Among the dorid nudibranchs:
The cryptobranchs (hidden gills) have a pocket into which the gill can retract, below the surface of the mantle, for protection. In many, the region adjacent to the gill pocket carries defensive glands or spicules. A very few of the cryptobranchs have also developed protective appendages around the gill pocket (Ceratosoma and Miamira). Some of these appendages also carry defensive glands.
The phanerobranchs (visible gills) do not possess a pocket for full retraction, however the gills can contract somewhat and many have developed extra-branchial processes around the gill. These can take many forms, from simple, short or long appendages either side to a complete ring around the gill. There is no doubt that some are sacrificial in acting as a decoy to draw away the attacker’s attention from the gill itself. A good example of this is the light emitting globes situated on the larger processes surrounding the gill of the Plocampherous species. In others there is a shield or significant barrier lying across the front of the gills for protection. Some also have a quite sturdy gill-supporting base extending up each gill branch acting somewhat as a physical barrier for the delicate filaments located on the inner surface.
The phyllidiids belonging to the porostome group (suctorial feeders) are quite different. They do not have a true gill but rather, secondary gills in the form of triangular leaflets concealed and protected in the hyponotal groove, that region where the underside of the mantle overhang joins the main body wall.
Among the cladobranch nudibranchs:
The other major group of true nudibranchs, the cladobranchs (branching gills), have evolved a different strategy. In this group the true gill is lost. Most have structures that are referred to as secondary gills. These are either arranged longitudinally down the notal edge as branched “feathery” appendages as in the dendronotids or as cylindrical cerata as in the aeolids. Either way the large surface area provided enables sufficient gaseous diffusion and the usually larger number of these secondary gills and their dispersion provides a higher level of functional survival from an attack than the – “all the eggs in one basket” – single gill of the dorids.
Across the third subgroup of the cladobranchs, the arminids, (not a natural grouping) several methods are utilised. Some examples include: the Armina, that have secondary gill leaflets under the mantle in the hyponotum just like the phyllidiids except they are only located anteriorly but with additional “folds” medially and posteriorly; the Dermatobranchus, that have no secondary gill structures relying instead upon simple diffusion through the large surface area of their mantle and body wall with large haemolymph sinuses located just below the integument; and Janolus and Madrella for example, that possess numerous cerata on the notum.

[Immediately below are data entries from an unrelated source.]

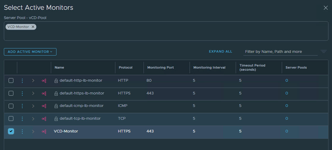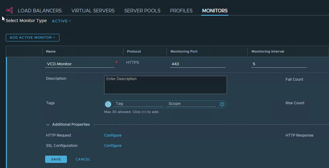 Create a new monitor by navigating to Networking > Load Balancing > Monitors > Add Active Monitor HTTPS
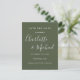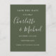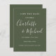 Featuring signature style names, this elegant olive green save the date card can be personalized with your special event information in modern white lettering. Designed by Thisisnotme©
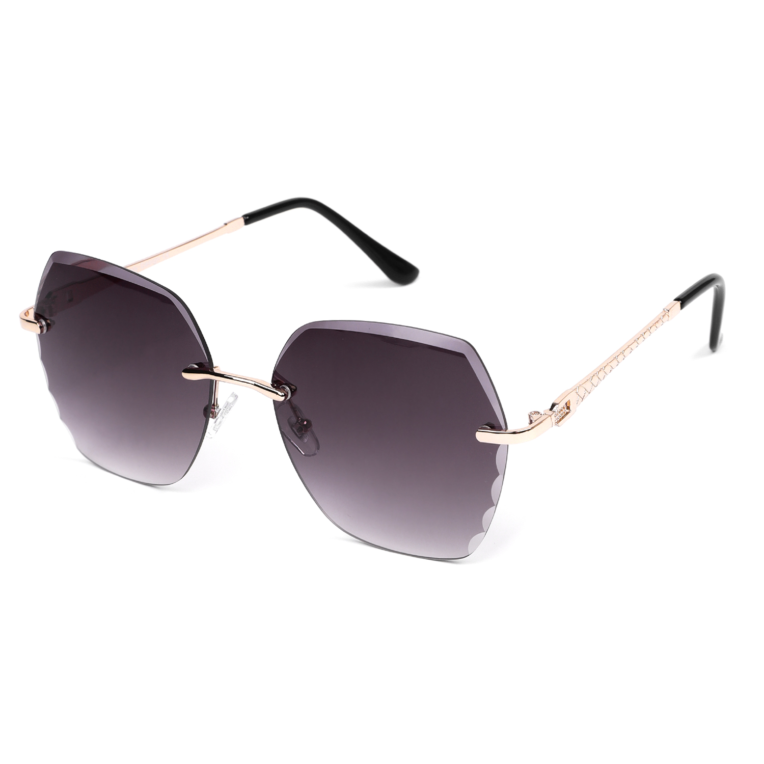 Солнцезащитные очки итальянского бренда FABRETTI необычной шестигранной формы без оправы. Градиентные серые линзы позволяют видеть одинаково хорошо как в помещении, так и на солнечной улице.
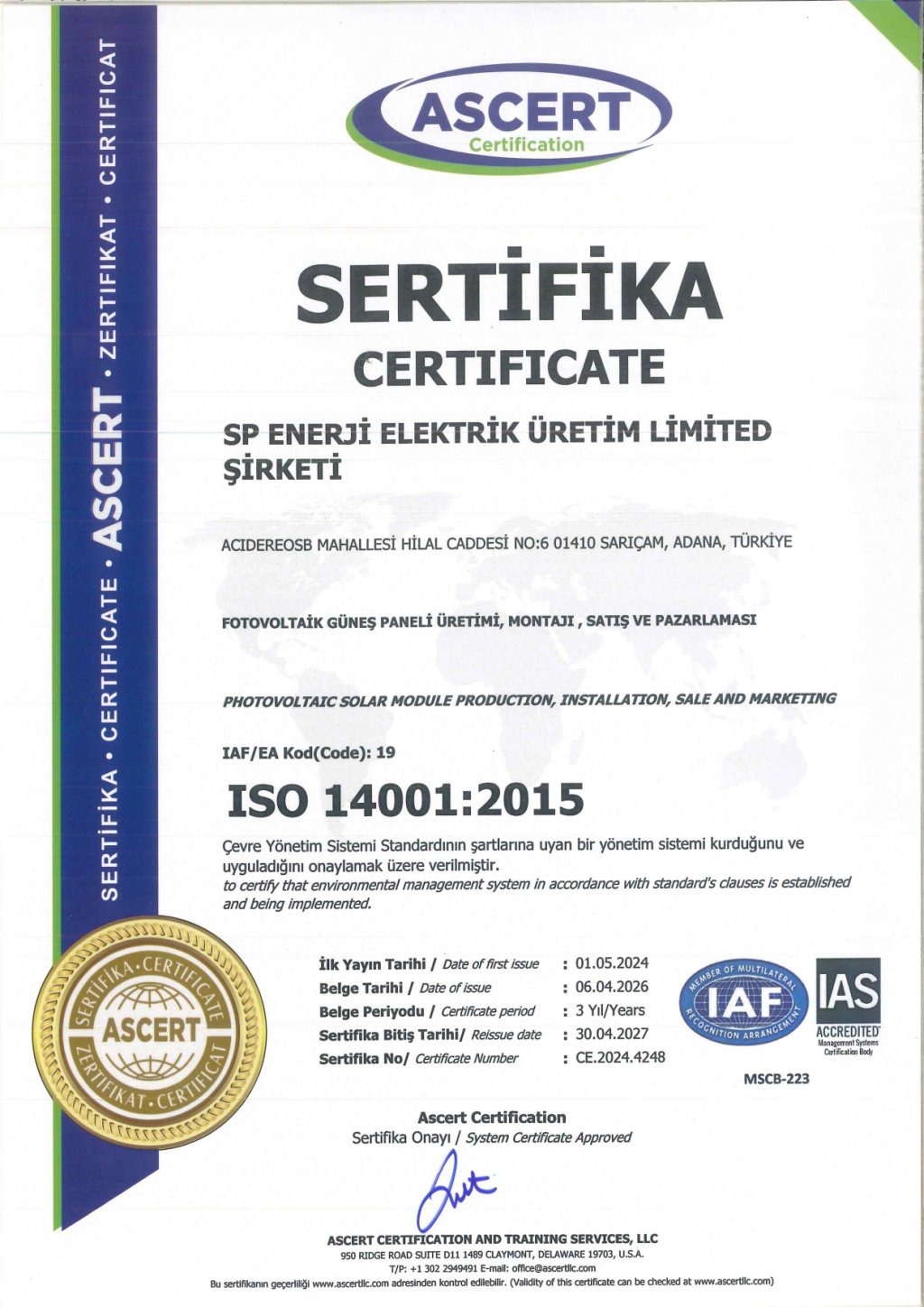 ISO 14001: 2015 Çevre Yönetim Sistemi Belgesi
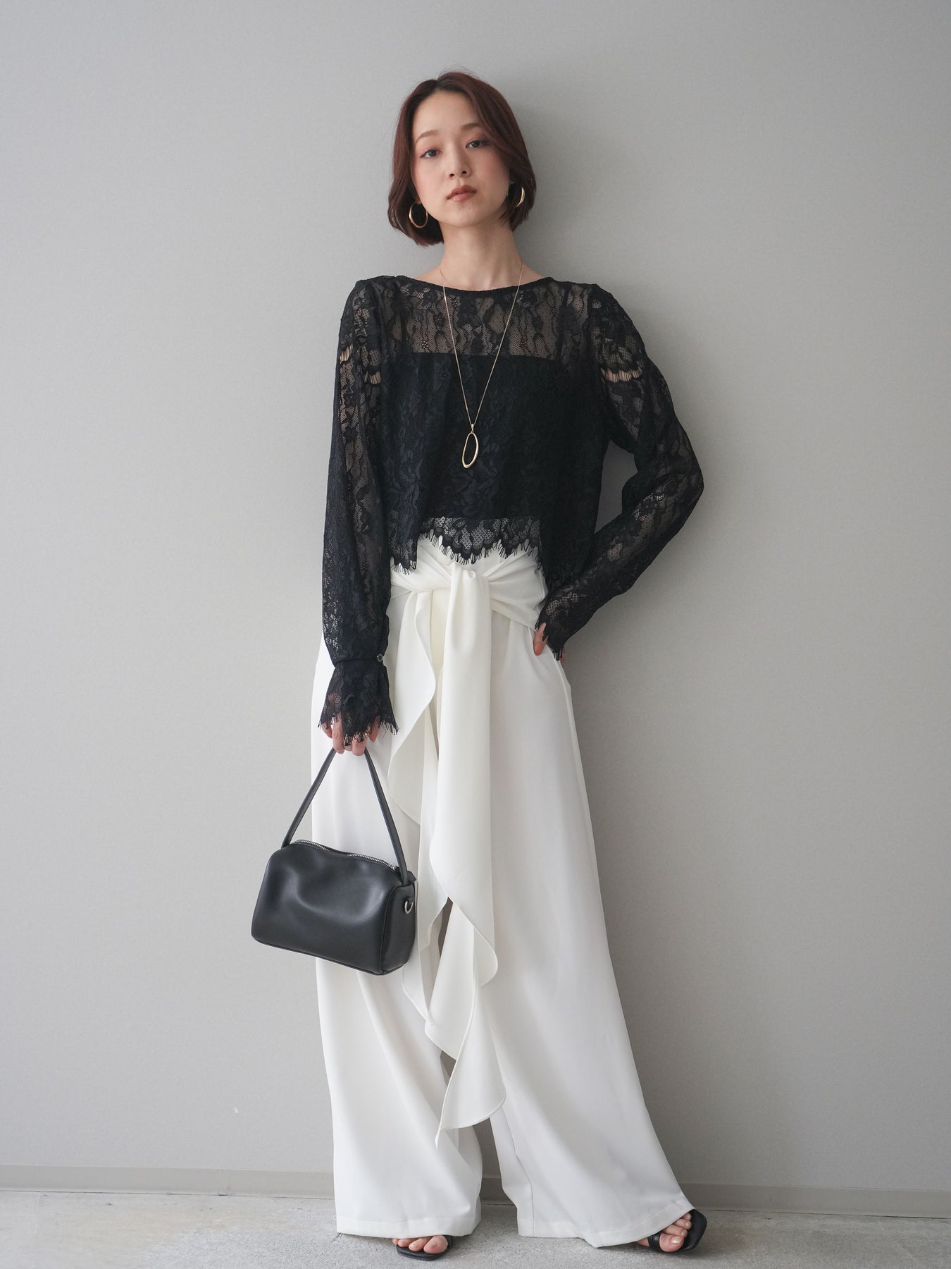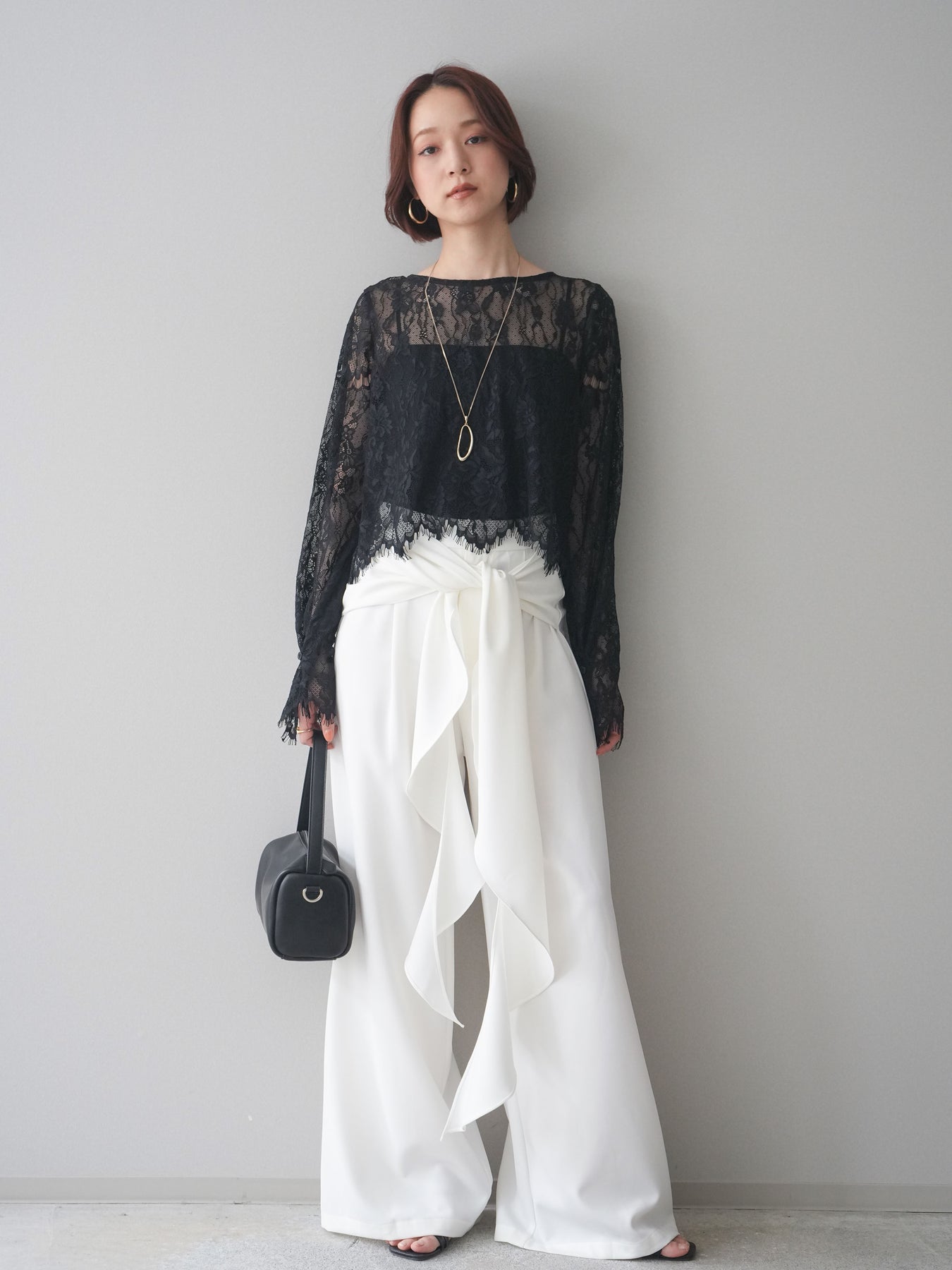[SET]2WAYスリーブレーストップス+ラッフルベルトワイドパンツ(2set)
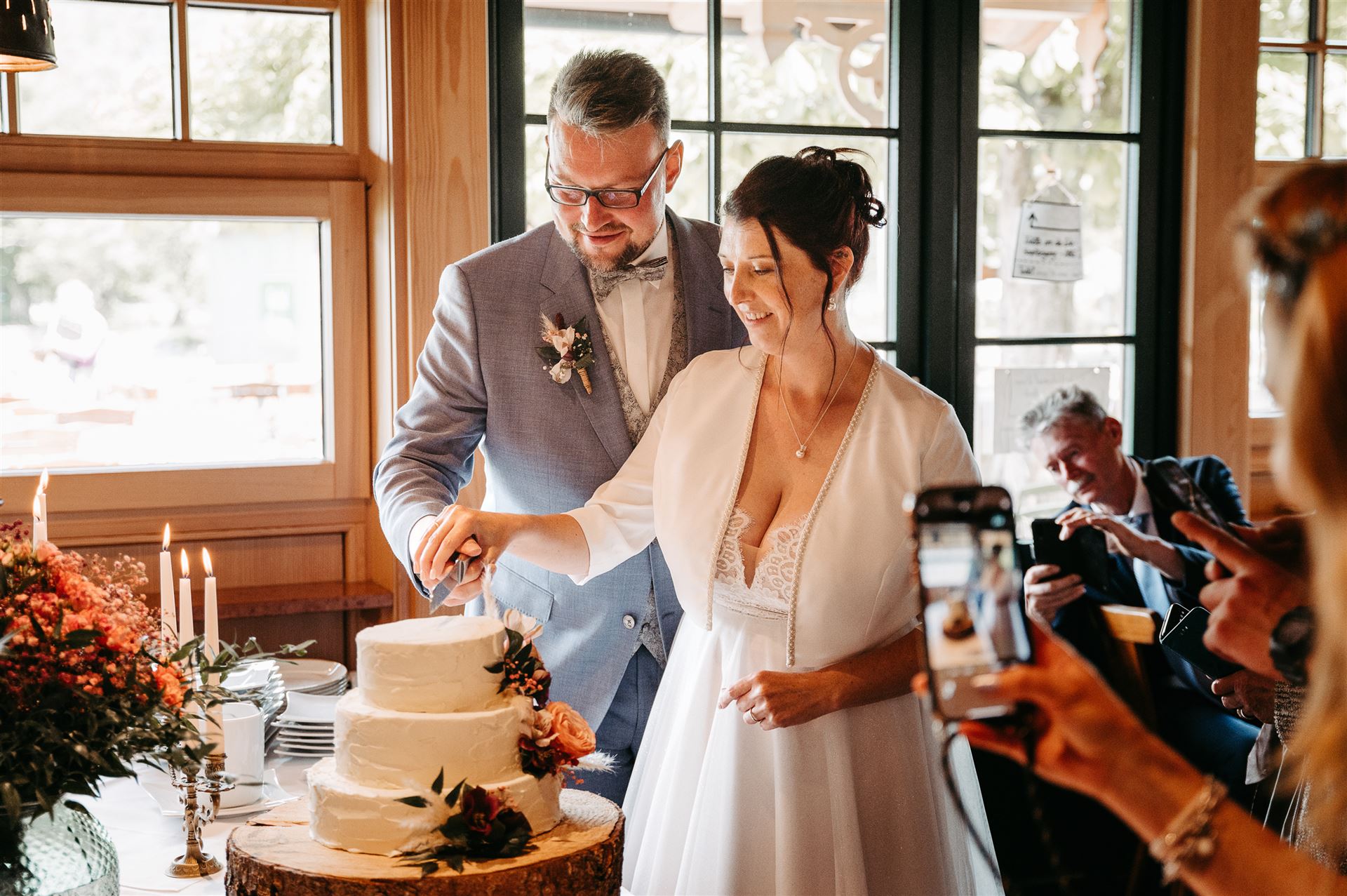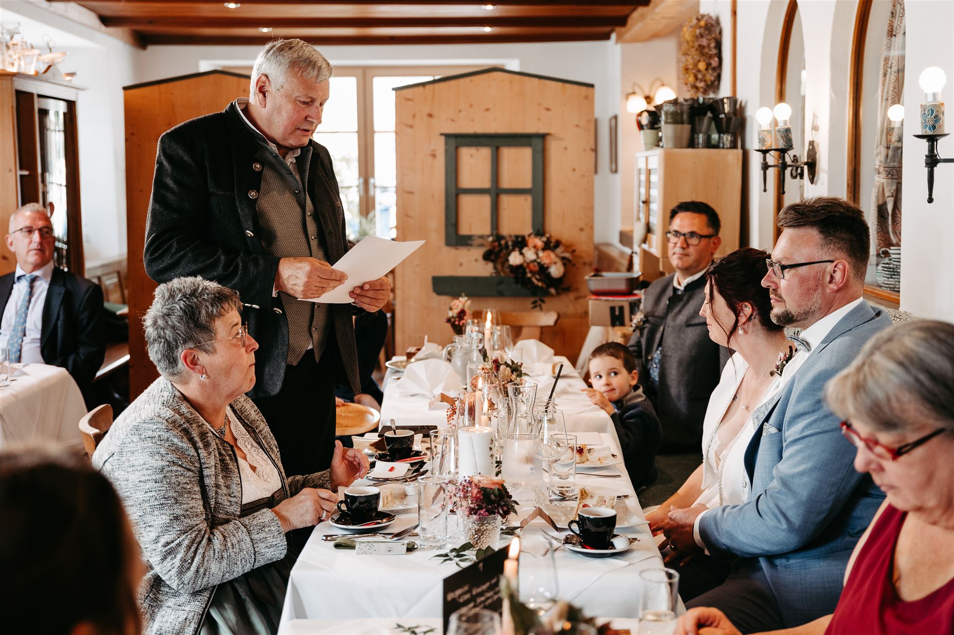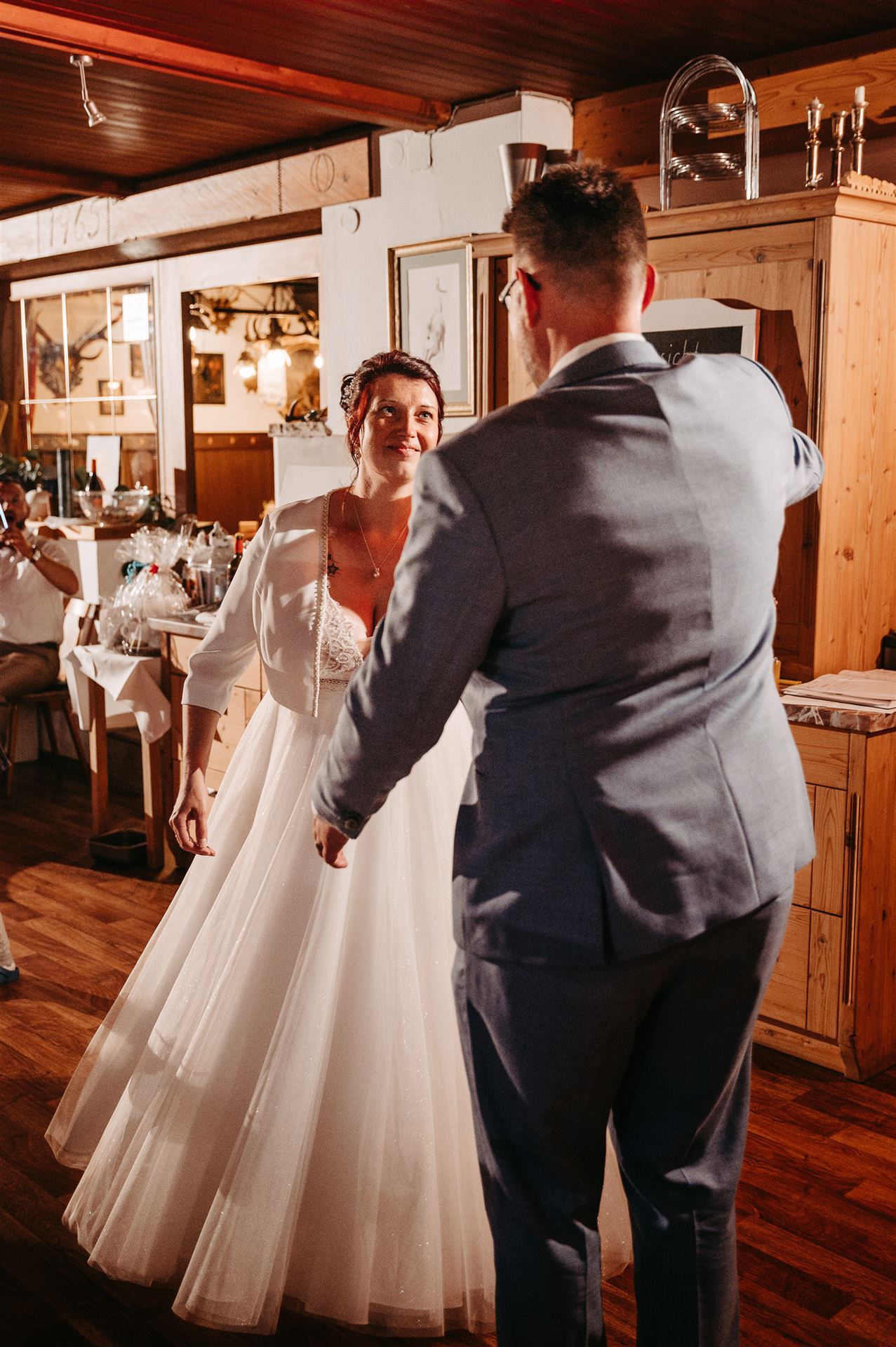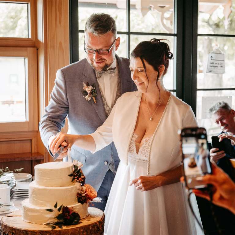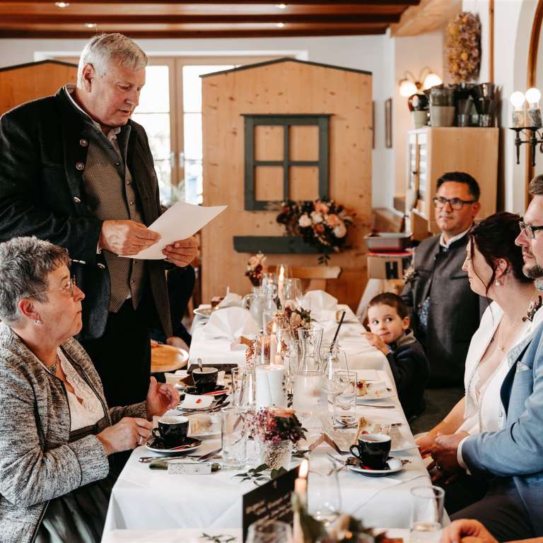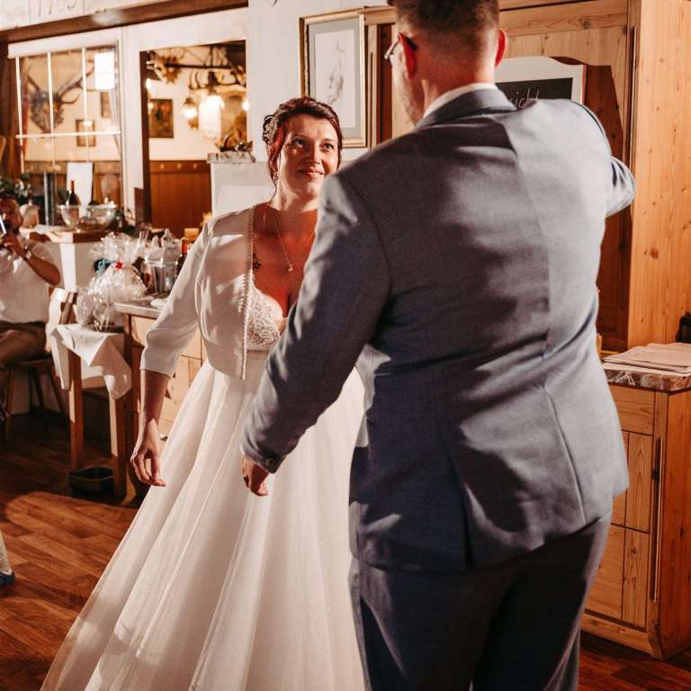 Ab nachmittags wurde im Gamsjaga gefeiert, einem Ort, der für seine herrliche Küche und seine tolle Atmosphäre bekannt ist. Das Essen war ein kulinarisches Highlight, das sowohl das Auge als auch den Gaumen verwöhnte. Doch nicht nur das Essen machte den Abend unvergesslich. Es gab zahlreiche Überraschungen für das Brautpaar, die ihre Liebe und Verbundenheit auf wunderbare Weise feierten. Freunde und Familie hatten kreative und herzliche Beiträge vorbereitet, die für viele Lacher und auch einige Freudentränen sorgten.

As with all things in nature there are many ways to “achieve an outcome” everyone of which has evolved through changes wrought by selection pressure in their habitat.
David A. Mullins – September 2022
– Rudman, W. B., Willan, R. C. & Burn, R., (1998). Opisthobranchia. Pp. 915-1035 in Beesley, P. L., Ross, G. J. B.and Wells, A. (eds.), Mollusca: The Southern Synthesis. Fauna of Australia. 5, Part B. CSIRO Publishing, Melbourne.
– Behrens, D. W., (2005). Nudibranch Behaviour. New World Publications, Florida, USA.
– Ponder, W. F. & Lindberg, D. R., with illustrations by Ponder, J. M., (2020). Biology and Evolution of the Mollusca, Volume One & Two. CRC Press, Taylor & Francis Group.
– This NudiNote has been modified from a previously published article in DIVE LOG Australiasia Magazine’s – NudiNotes Column, Issue: #394 (June 2022): 10-12 by David A. Mullins.